*Work task*: Beneath this task are the entries; from the line with "Enjoy a stylish" through the last one, transcribe every line exactly and nothing else, skipping pictures.
-- Input material follows --
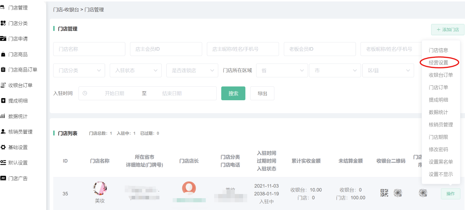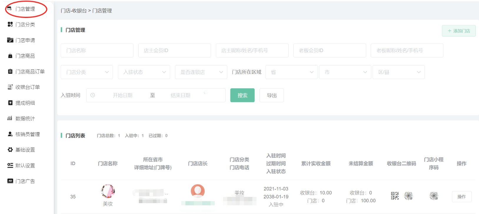 申请通过/后台添加的门店,在门店信息显示,可搜索查看门店的id、名称、所在省市详细地址、门店店长、门店分类、入驻时间、累计实收金额、未结算金额、收银台二维码、门店小程序码等
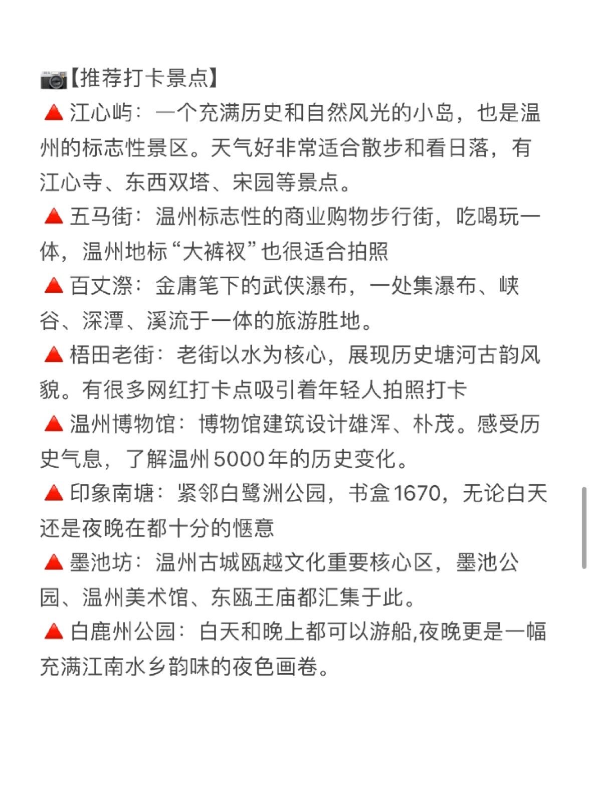 江心屿:一个充满历史和自然风光的小岛,也是温州的标志性景区。有江心寺、东西双塔、宋园等景点。
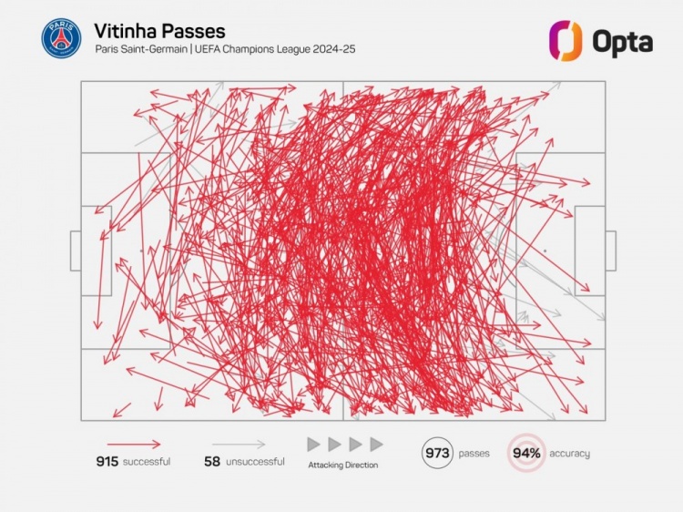 數(shù)據(jù)統(tǒng)計(jì)顯示,他本賽季歐冠已經(jīng)成功傳球915次。自03-04賽季以來(lái),只有4名中場(chǎng)的單賽季歐冠成功傳球比他更多:
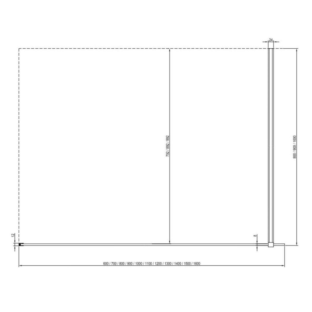 - a fix üveg Walk-in Wall magassága: 200 cm
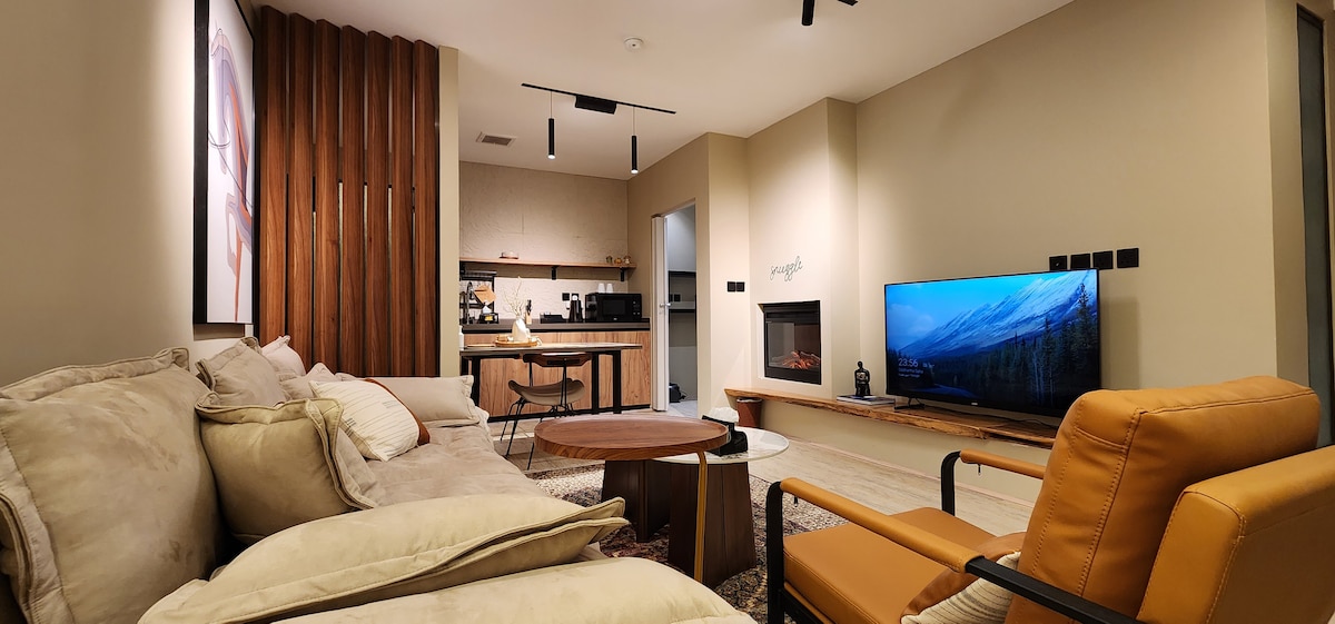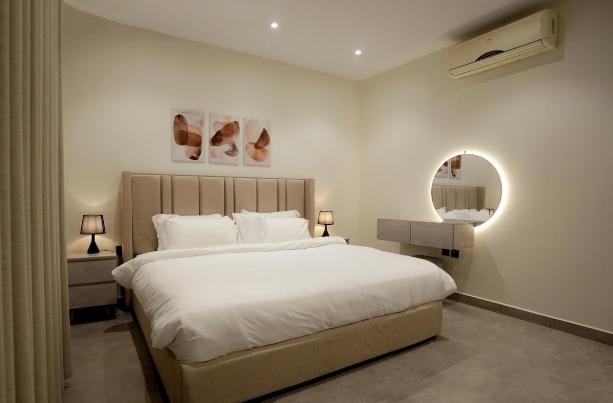 Enjoy a stylish experience at this North-located place in Al Malqa. Comes with smart lock and door isolation for extreme comfortable stay. Located in the north of Riyadh and just 20 minutes from the airport, 5 minutes from Riyadh season entertainments zones and 10 minutes from Al-Diriyah historic town. The apartment comes with high speed fiber internet, 65 LED 4K TV, KING size bed with extra mattress pad for comfortable sleep and free parking.
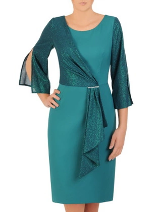 Sukienka damska wizytowa, zielona kreacja z ozdobnie rozciętymi rękawami 38071
-- Input material concluded --
*Solution to this exercise*:
 Enjoy a stylish experience at this North-located place in Al Malqa. Comes with smart lock and door isolation for extreme comfortable stay. Located in the north of Riyadh and just 20 minutes from the airport, 5 minutes from Riyadh season entertainments zones and 10 minutes from Al-Diriyah historic town. The apartment comes with high speed fiber internet, 65 LED 4K TV, KING size bed with extra mattress pad for comfortable sleep and free parking.
 Sukienka damska wizytowa, zielona kreacja z ozdobnie rozciętymi rękawami 38071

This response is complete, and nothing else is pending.